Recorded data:
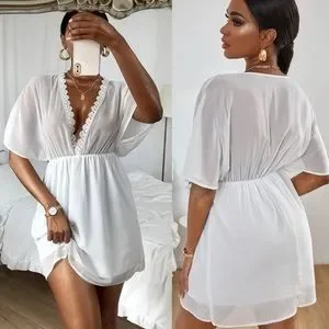 Boho gypsy v neck scalloped lace sheer swim coverup beach white
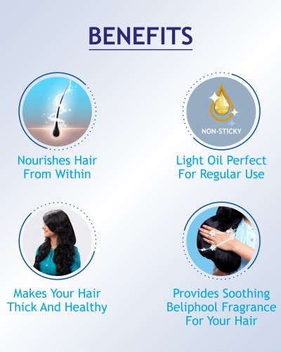- The fragrant aroma of the oil provides a soothing perfume of beliphool in the hair.
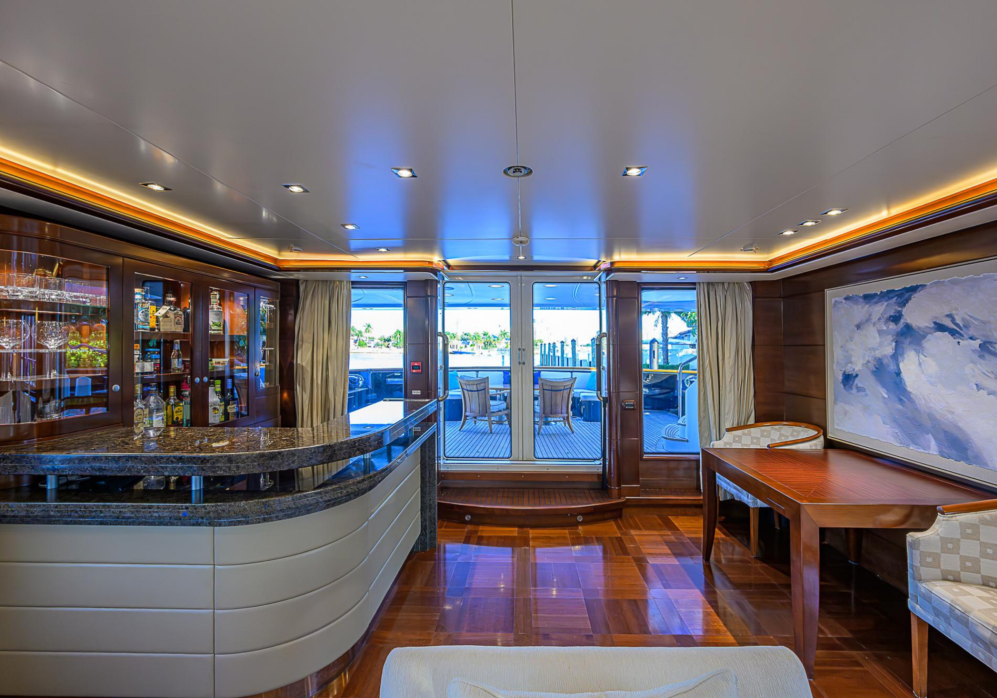 Forward of the dining room, is a second saloon with two L-shaped sofas, coffee tables and a small bar. The forward section of the upper deck is devoted to navigation with a very well designed bridge that offers excellent all ...
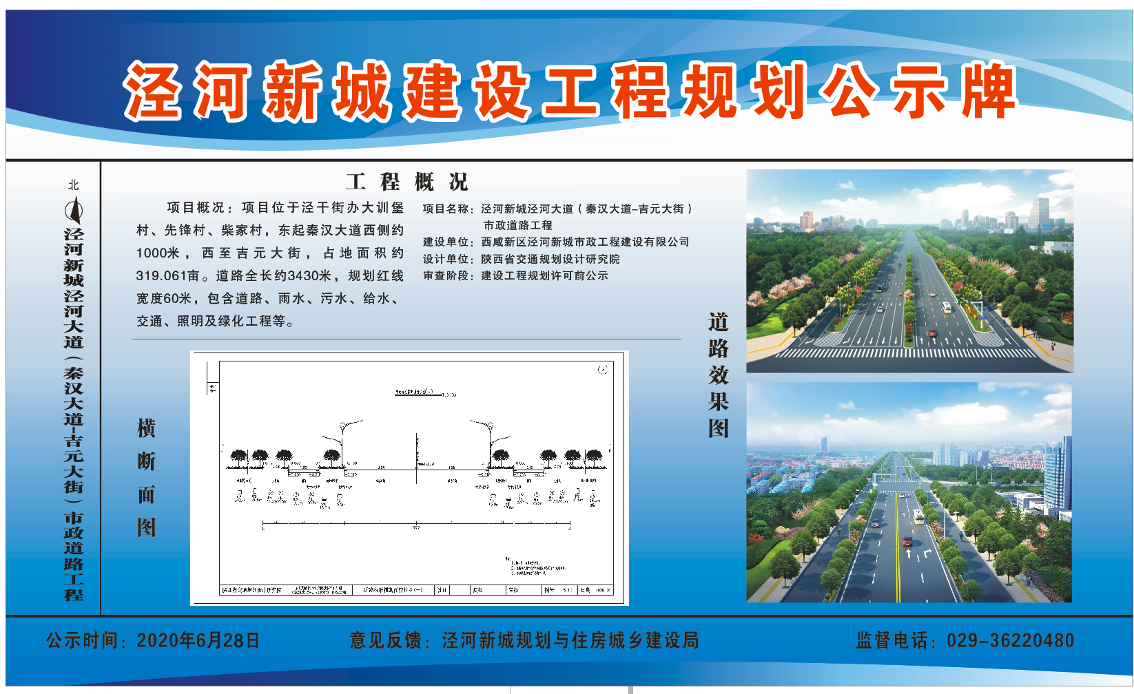 西咸新区泾河新城市政工程建设有限公司泾河大道(秦汉大道-吉元大街)市政道路工程已通过设计方案审查,现进行建设工程规划许可批前公示,公示期2020年6月28日至2020年7月4日。如有异议,请于公示期内向规划与住房城乡建设局反馈,监督电话029-36385570。
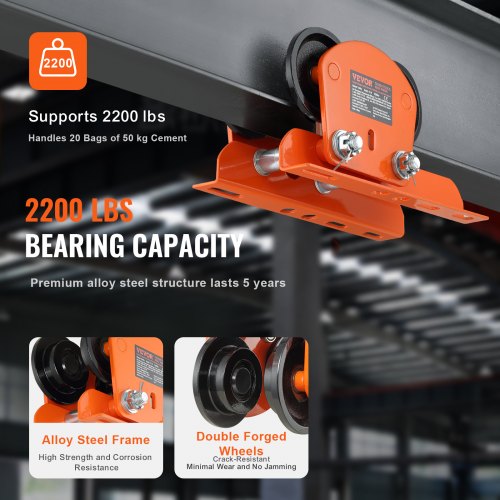 VEVOR Carro Manual con Ruedas Dobles, Carga de 1 T, Ajustable para Ancho de Brida de Viga en I de 63,5-177,8 mm, Polipasto de Garaje de Acero de Aleación Resistente para Vigas en I Rrectas y Curvas
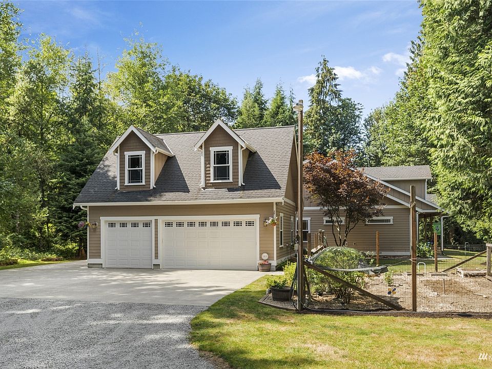 Gorgeous custom built rambler nestled on 5 private, scenic acres along 354 feet of the Stillaguamish River. With hardwood floors and Fir-wrapped trim, this warm and inviting home showcases nature views from every angle. The generous, well-equipped kitchen is made for entertaining, and the sunny garden space is ready for your vision. Two covered porches allow you to spend time outside year-round. Heat pump for heating/cooling, RV hookups+bonus of 500 sqft unfinished studio in loft above garage. Follow the trails down to the river and the beautiful, peaceful pasture...horses? Near I-5/Hwy 9, D'town Arlington, Costco, Amazon FC, Seattle Outlets & restaurants. A serene oasis where you can slow down and enjoy life, yet still close to everything!
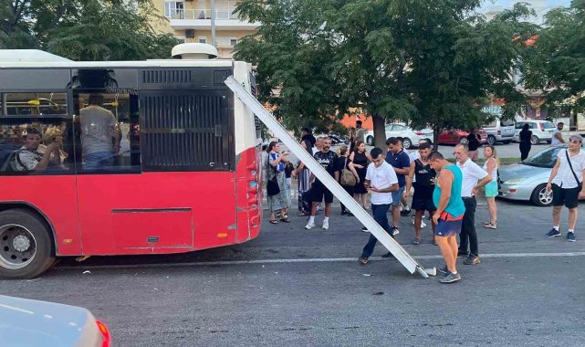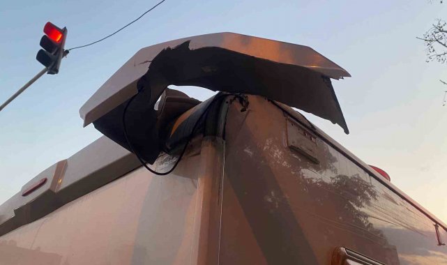 Antalya'nın Aksu ilçesinde Büyükşehir Belediyesine ait halk otobüsüne durağa yanaştığı sıra arkasından gelen karavanın tentesi saplandı.
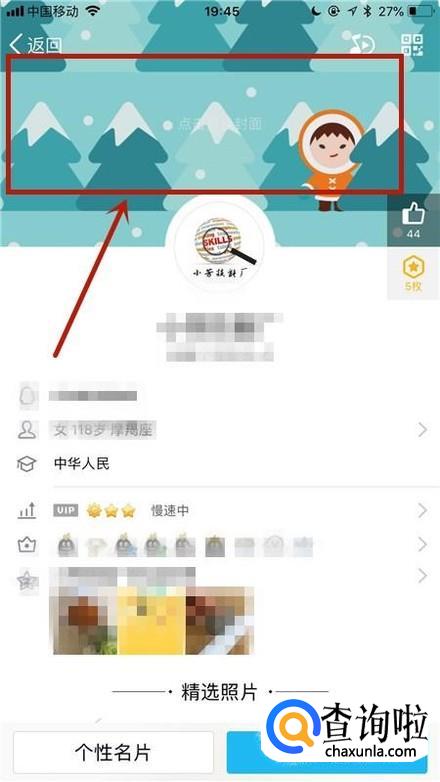 然后点击屏幕上方的个人名片背景图,如下图所示。
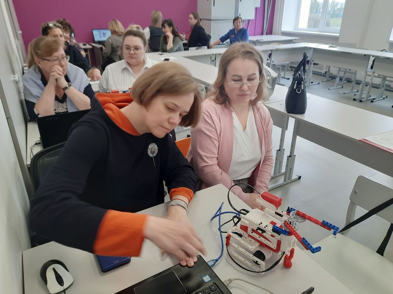 В рамках мероприятия технической направленности по использованию оборудования центра образования «Точка роста» в урочной и внеурочной деятельности педагоги-участники на мастер-классе перевоплотились в учеников и с огромным интересом использовали возможности робототехнического набора КЛИК и приложения Mblock, также активно участвовали в квиз-игре «Физиполия», где все гости-участники были вовлечены в изучение движения и взаимодействие тел давление твёрдых тел, жидкостей и газов. Затем педагоги побывали на уроке истории, где моделировали средневековые замки с применением 3D-технологий.

**What to do:** Should the entries hold any pictures, please omit those and print the remaining text exactly.

**Final answer:**
 Boho gypsy v neck scalloped lace sheer swim coverup beach white
- The fragrant aroma of the oil provides a soothing perfume of beliphool in the hair.
 Forward of the dining room, is a second saloon with two L-shaped sofas, coffee tables and a small bar. The forward section of the upper deck is devoted to navigation with a very well designed bridge that offers excellent all ...
 西咸新区泾河新城市政工程建设有限公司泾河大道(秦汉大道-吉元大街)市政道路工程已通过设计方案审查,现进行建设工程规划许可批前公示,公示期2020年6月28日至2020年7月4日。如有异议,请于公示期内向规划与住房城乡建设局反馈,监督电话029-36385570。
 VEVOR Carro Manual con Ruedas Dobles, Carga de 1 T, Ajustable para Ancho de Brida de Viga en I de 63,5-177,8 mm, Polipasto de Garaje de Acero de Aleación Resistente para Vigas en I Rrectas y Curvas
 Gorgeous custom built rambler nestled on 5 private, scenic acres along 354 feet of the Stillaguamish River. With hardwood floors and Fir-wrapped trim, this warm and inviting home showcases nature views from every angle. The generous, well-equipped kitchen is made for entertaining, and the sunny garden space is ready for your vision. Two covered porches allow you to spend time outside year-round. Heat pump for heating/cooling, RV hookups+bonus of 500 sqft unfinished studio in loft above garage. Follow the trails down to the river and the beautiful, peaceful pasture...horses? Near I-5/Hwy 9, D'town Arlington, Costco, Amazon FC, Seattle Outlets & restaurants. A serene oasis where you can slow down and enjoy life, yet still close to everything!
 Antalya'nın Aksu ilçesinde Büyükşehir Belediyesine ait halk otobüsüne durağa yanaştığı sıra arkasından gelen karavanın tentesi saplandı.
 然后点击屏幕上方的个人名片背景图,如下图所示。
 В рамках мероприятия технической направленности по использованию оборудования центра образования «Точка роста» в урочной и внеурочной деятельности педагоги-участники на мастер-классе перевоплотились в учеников и с огромным интересом использовали возможности робототехнического набора КЛИК и приложения Mblock, также активно участвовали в квиз-игре «Физиполия», где все гости-участники были вовлечены в изучение движения и взаимодействие тел давление твёрдых тел, жидкостей и газов. Затем педагоги побывали на уроке истории, где моделировали средневековые замки с применением 3D-технологий.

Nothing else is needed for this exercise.